**Exercise brief**: Within the records that follow, restate exactly the lines from the line with "今日は御池から俎嵓へ登り、長" down to the line with "Ультразвуковая мойка Ферропласт", including both. Omit the pictures.

Start of Source data

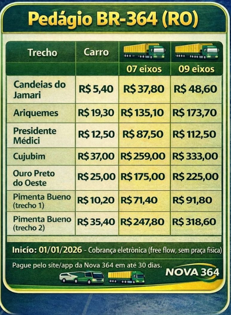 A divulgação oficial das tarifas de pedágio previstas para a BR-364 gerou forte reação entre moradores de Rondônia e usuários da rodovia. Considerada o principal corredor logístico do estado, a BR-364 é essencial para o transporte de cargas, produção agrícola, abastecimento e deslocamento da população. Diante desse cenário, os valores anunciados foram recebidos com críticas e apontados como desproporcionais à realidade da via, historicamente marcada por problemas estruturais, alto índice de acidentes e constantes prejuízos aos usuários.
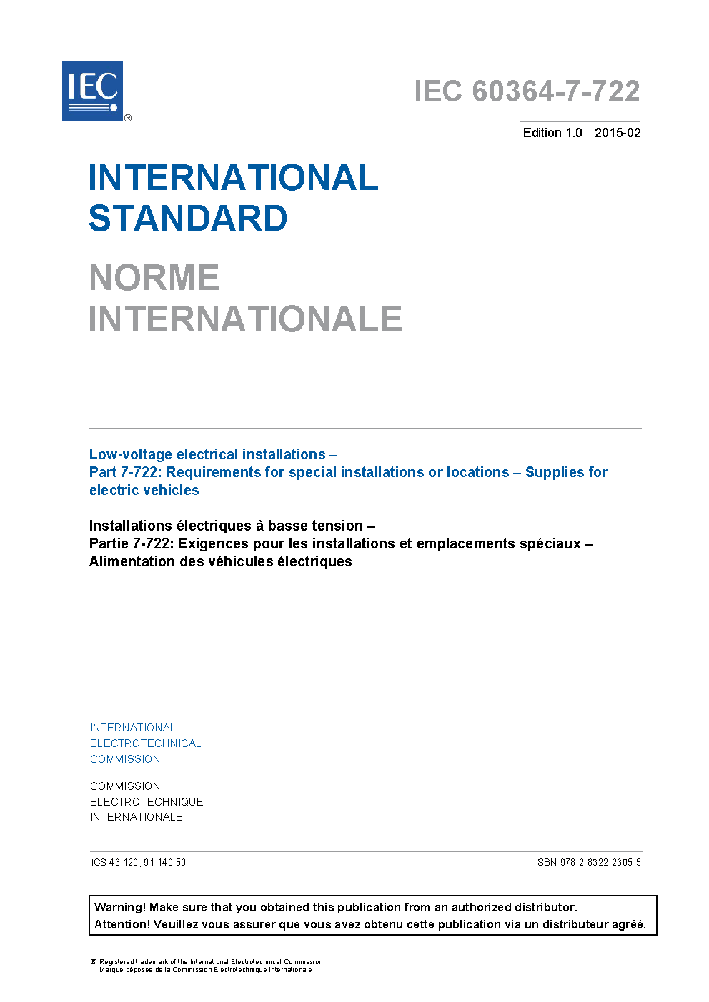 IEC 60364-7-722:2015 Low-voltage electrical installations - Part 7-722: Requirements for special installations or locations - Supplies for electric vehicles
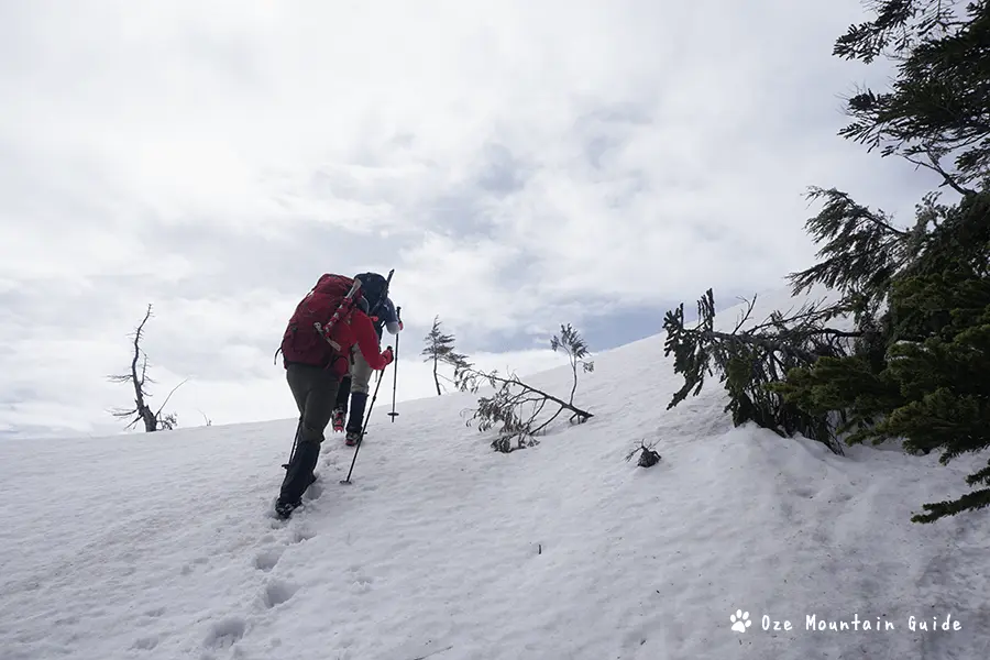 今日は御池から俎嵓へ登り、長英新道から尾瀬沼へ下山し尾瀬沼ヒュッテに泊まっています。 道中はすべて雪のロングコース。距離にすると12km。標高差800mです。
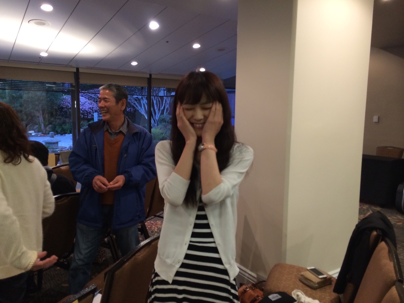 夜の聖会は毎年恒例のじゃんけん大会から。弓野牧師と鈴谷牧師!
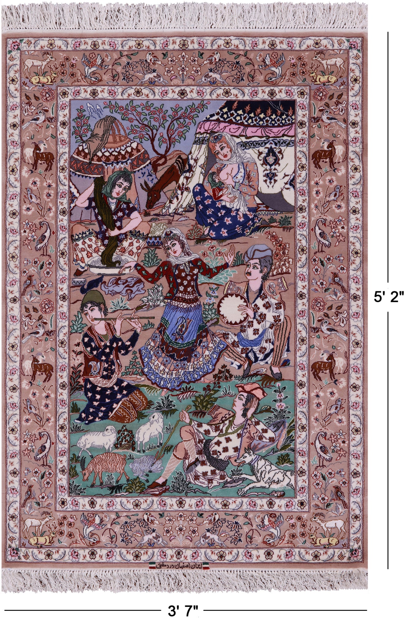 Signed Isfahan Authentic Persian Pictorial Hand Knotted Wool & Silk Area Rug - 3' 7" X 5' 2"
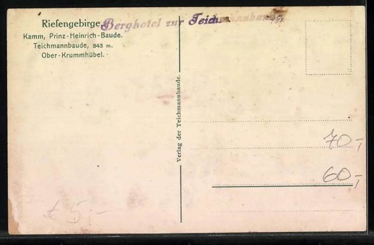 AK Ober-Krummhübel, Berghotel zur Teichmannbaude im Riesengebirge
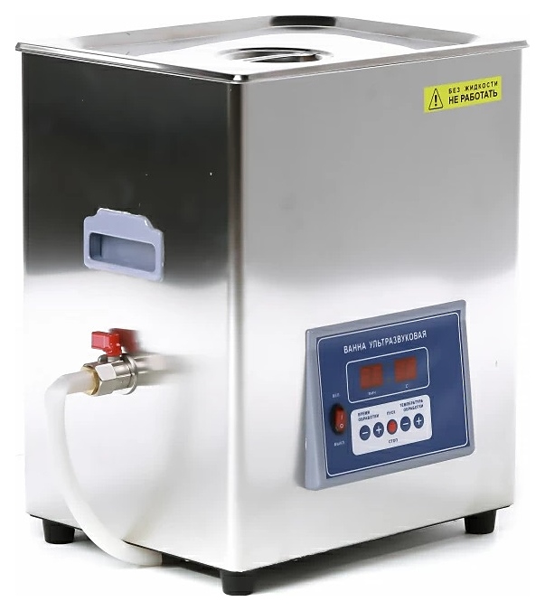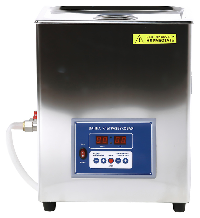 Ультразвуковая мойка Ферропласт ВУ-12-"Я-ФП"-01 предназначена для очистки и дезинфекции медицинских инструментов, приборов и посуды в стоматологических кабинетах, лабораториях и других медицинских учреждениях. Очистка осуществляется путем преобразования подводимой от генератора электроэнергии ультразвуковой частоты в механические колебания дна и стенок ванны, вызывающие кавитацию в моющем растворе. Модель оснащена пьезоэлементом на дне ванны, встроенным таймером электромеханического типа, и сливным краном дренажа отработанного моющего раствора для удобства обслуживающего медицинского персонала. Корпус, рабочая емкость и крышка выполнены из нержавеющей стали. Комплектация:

End of Source data
Start of Source data

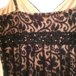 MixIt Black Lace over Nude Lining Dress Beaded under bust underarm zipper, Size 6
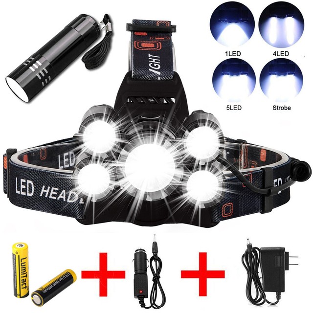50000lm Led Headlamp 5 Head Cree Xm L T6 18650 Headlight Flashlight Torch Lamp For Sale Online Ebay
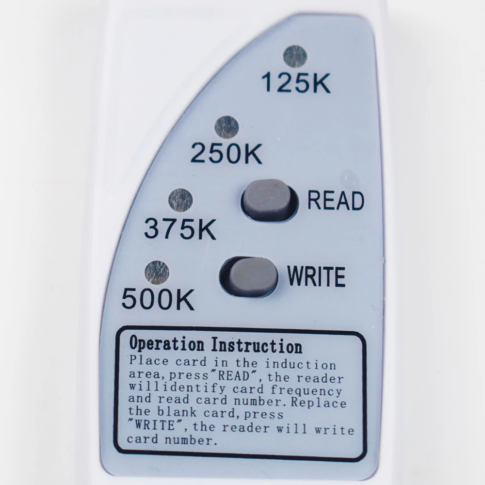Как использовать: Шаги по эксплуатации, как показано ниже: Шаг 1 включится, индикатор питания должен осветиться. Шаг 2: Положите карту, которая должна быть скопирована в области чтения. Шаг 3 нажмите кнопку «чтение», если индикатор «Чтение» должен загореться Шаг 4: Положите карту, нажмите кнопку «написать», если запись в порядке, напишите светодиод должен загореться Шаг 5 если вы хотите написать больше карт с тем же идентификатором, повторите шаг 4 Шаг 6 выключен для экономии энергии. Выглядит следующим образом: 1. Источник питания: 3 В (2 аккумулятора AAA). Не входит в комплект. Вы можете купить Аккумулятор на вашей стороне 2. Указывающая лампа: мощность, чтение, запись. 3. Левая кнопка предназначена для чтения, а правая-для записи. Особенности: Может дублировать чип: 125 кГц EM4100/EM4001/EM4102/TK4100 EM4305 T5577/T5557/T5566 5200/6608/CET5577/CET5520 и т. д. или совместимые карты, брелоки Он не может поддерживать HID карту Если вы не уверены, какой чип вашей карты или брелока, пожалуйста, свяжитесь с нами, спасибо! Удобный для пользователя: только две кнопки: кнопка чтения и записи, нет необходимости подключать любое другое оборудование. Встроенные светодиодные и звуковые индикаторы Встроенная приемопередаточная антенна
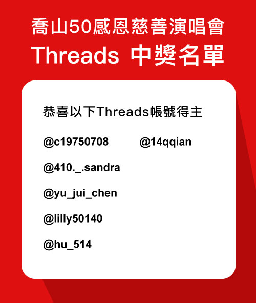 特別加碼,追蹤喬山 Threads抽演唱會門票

End of Source data

**Response box**:
 今日は御池から俎嵓へ登り、長英新道から尾瀬沼へ下山し尾瀬沼ヒュッテに泊まっています。 道中はすべて雪のロングコース。距離にすると12km。標高差800mです。
 夜の聖会は毎年恒例のじゃんけん大会から。弓野牧師と鈴谷牧師!
 Signed Isfahan Authentic Persian Pictorial Hand Knotted Wool & Silk Area Rug - 3' 7" X 5' 2"
 AK Ober-Krummhübel, Berghotel zur Teichmannbaude im Riesengebirge
 Ультразвуковая мойка Ферропласт ВУ-12-"Я-ФП"-01 предназначена для очистки и дезинфекции медицинских инструментов, приборов и посуды в стоматологических кабинетах, лабораториях и других медицинских учреждениях. Очистка осуществляется путем преобразования подводимой от генератора электроэнергии ультразвуковой частоты в механические колебания дна и стенок ванны, вызывающие кавитацию в моющем растворе. Модель оснащена пьезоэлементом на дне ванны, встроенным таймером электромеханического типа, и сливным краном дренажа отработанного моющего раствора для удобства обслуживающего медицинского персонала. Корпус, рабочая емкость и крышка выполнены из нержавеющей стали. Комплектация:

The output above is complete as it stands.